Eli Wilner surrounded by his frames – both real and digital

Building the App

Editors' Note

Eli Wilner serves as an American Art Forum and Director’s Circle member of the Smithsonian American Art Museum in Washington, D.C. A former William Cullen Bryant Fellows member of New York’s Metropolitan Museum of Art, he holds a B.A. in fine arts from Brandeis University and an M.A. from Hunter College of the City University of New York.

Company Brief

Founded in 1983, Eli Wilner & Company (www.eliwilner.com) is internationally regarded as a leading dealer, restorer, and collector of 19th- and 20th-century European and American frames.
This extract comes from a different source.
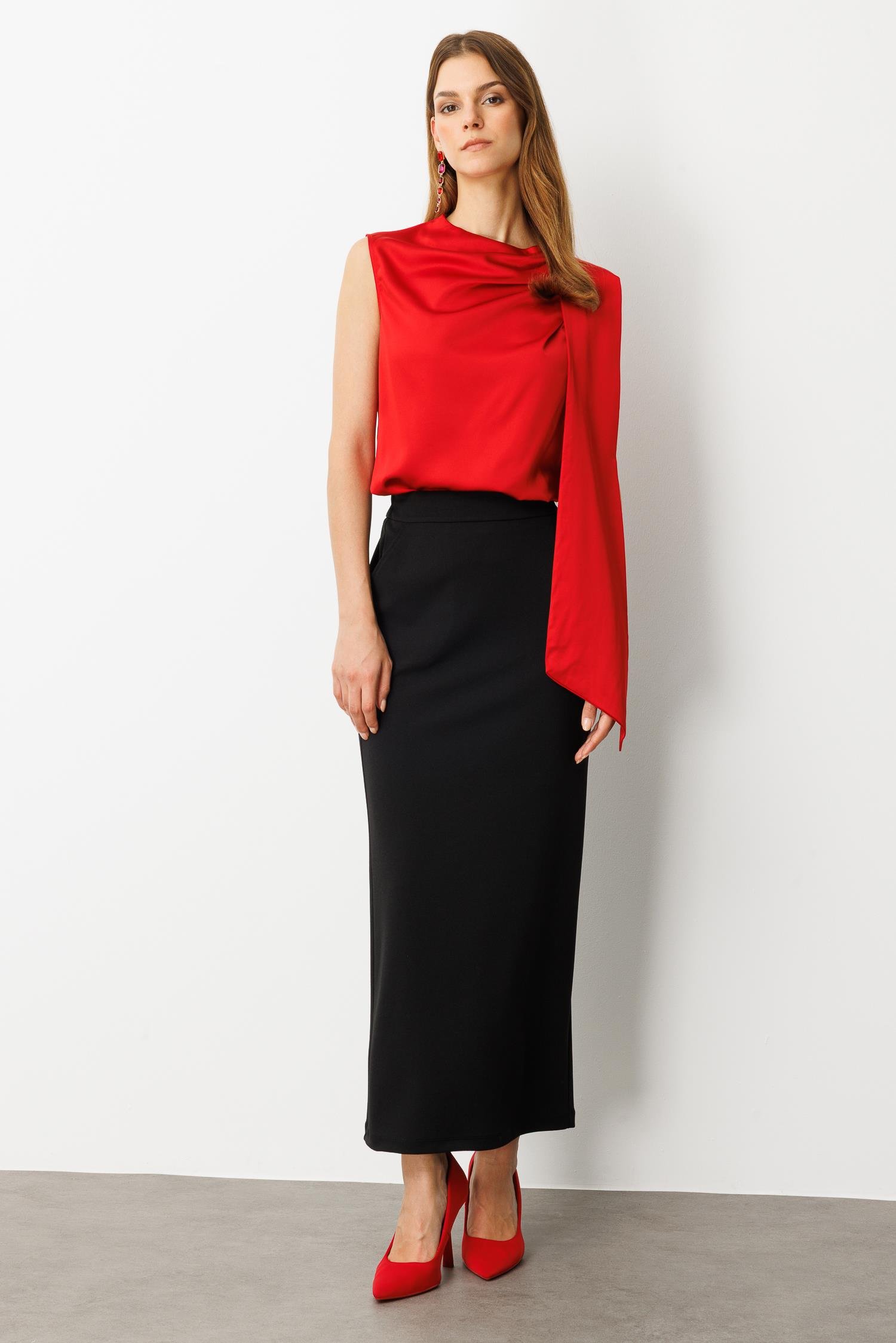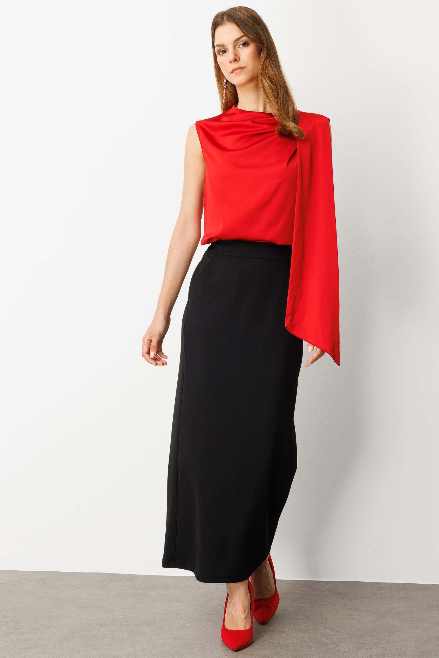 Cep Detay Lastikli Krep Etek-SİYAH (5WKB31K1637_01)

Based out of a prestigious Upper East Side Manhattan gallery and 10,000-square-foot atelier in Long Island City, the firm employs 26 master craftspeople and has restored and replicated antique frames for a variety of renowned auction houses, institutions, and museums over the years. Recently, the Impressionist auction at Sotheby’s featured 38 percent of the paintings in Wilner frames. The $106-million Picasso recently sold at Christie’s was framed by Wilner. He has framed 28 pieces in the White House and just finished a two-year project recreating the original frame on Leutze’s “Washington Crossing the Delaware” for the Metropolitan Museum of Art.

You offer a wide range of price points and product. How broad is the market, and do you have a global reach?

We have now made several moves to focus globally because high-end art sales are up internationally. We have been asked for proposals from South American, Middle Eastern, and Chinese clientele; plus, we have just recently framed 14 realist painters’ work in Beijing. We also developed a Smartphone and Web app, which has an international presence.

Given the high-touch nature of frames at your level, are you are able to drive revenue online?

Yes, in fact, we are currently redesigning our Web site. We are planning on using the existing company as the high-end base of operations and developing line extensions, including Smartphone apps, carved doors, and carved pedestals, as well as additional distribution points. We’re reaching out with different ways of servicing our clients and expanding the brand.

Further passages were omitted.